Danny Nusbaum, Golda’s owner, is modest when referring to his roots in the “bagel business,” a son of NYC’s long-running Pick-a-Bagel family. Breaking out on his own, he connected most with the city’s wave of specialty coffee customers but found that all-day restaurants with great coffee were in short supply.
“At most restaurants, the food is really delicious, and the beverage program is great, but the coffee is lacking,” and vice-versa, says Nusbaum. “I wanted to combine everything together—chef- and ingredient-driven food and beverage.” He made this happen a few years ago just one subway stop away at Tilda All Day, which had a cult-like following for its forever-brunch menu until it unexpectedly closed due to disputes between Nusbaum and his business partner.
Golda is “healthy-ish,” New American and, borrowing from his personal heritage, a bit Middle Eastern (its name is actually Nusbaum’s grandmother’s).
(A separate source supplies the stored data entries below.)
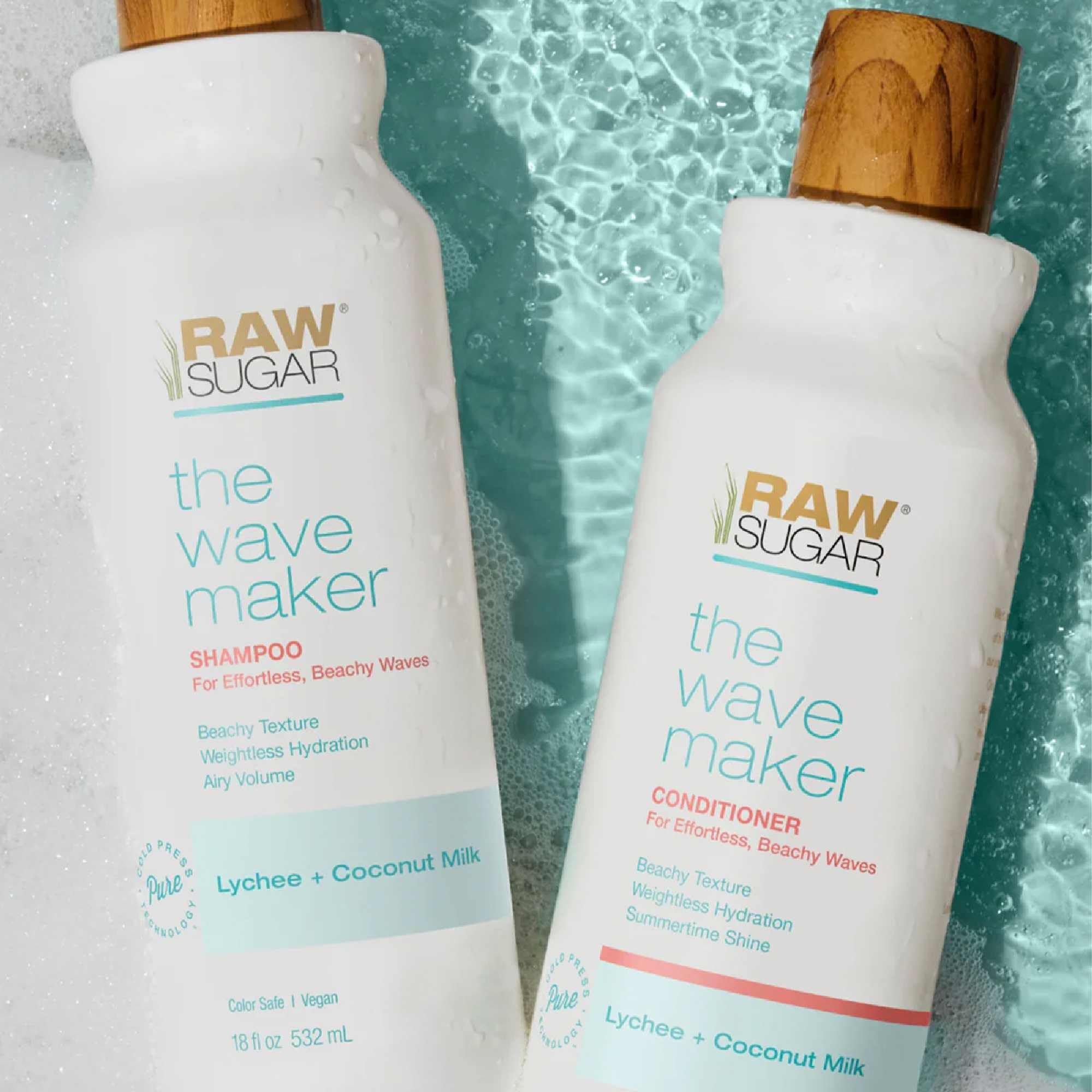 ▶ RAW SUGAR The Wave Maker Acondicionador, con Lichi y Leche de Coco, Nutre, Da Brillo y Volumen, sin Sulfatos, 18 OZ
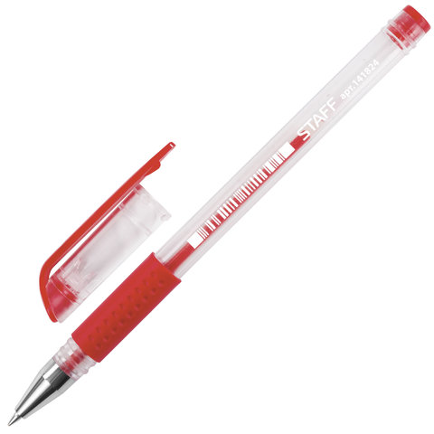 кс_Ручка гелевая с грипом арт.141824 STAFF,КРАСНАЯ,корпус прозрачн,узел 0,5 мм,линия письма 0,35 мм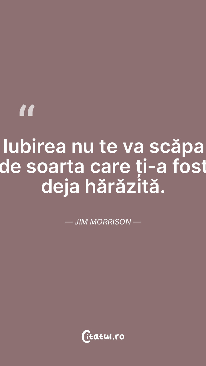 Iubirea nu te va scăpa de soarta care ți-a fost deja hărăzită. Jim Morrison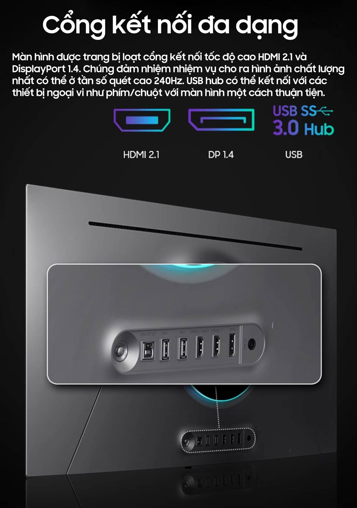 Màn hình Samsung Odyssey OLED G8 G80SD được trang bị một loạt cổng kết nối đa dụng, mang lại sự tiện lợi và linh hoạt cho người dùng. Với các cổng HDMI, DisplayPort và USB Hub, màn hình này dễ dàng kết nối với nhiều thiết bị khác nhau như máy tính, laptop, console chơi game và các thiết bị ngoại vi khác. Luôn dẫn trước đối thủ nhờ kết nối HDMI 2.1 và DisplayPort, tần số quét 240Hz ở độ phân giải UHD. Mỗi mili giây đều trở nên giá trị, giúp mang đến những kết quả tốt nhất.

Its sun-drenched nook behaves like a warm, cozy coffee shop in the morning, but the kitchen is slinging out stunning plates like spinach and purple yam moussaka, and eggplant menemen adorned with saffron yogurt and Jerusalem artichoke. By noon you’ll wonder why we normally save such stunning displays for night.
It helps that Golda’s space is like nectar for Instagram, and looks sunny even in rain. Designers at The MP Shift, based in NYC, imbued the 750-square-foot cafe with a 1960’s vibe, nodding to retro luncheonettes while updating the blueprint with minimalist lines. Blonde wooden surfaces keep the look light with a curvilinear bar. Sky blue walls complement smooth concrete floors, and color-blocked walls behind the counter match a strip of Mediterranean-inspired tiles that inch around the foot of the bar to make the floors crackle. Behind these colorful accents is the swift kitchen led by chef Ryan Whyte, whose credentials include Craftbar and Public.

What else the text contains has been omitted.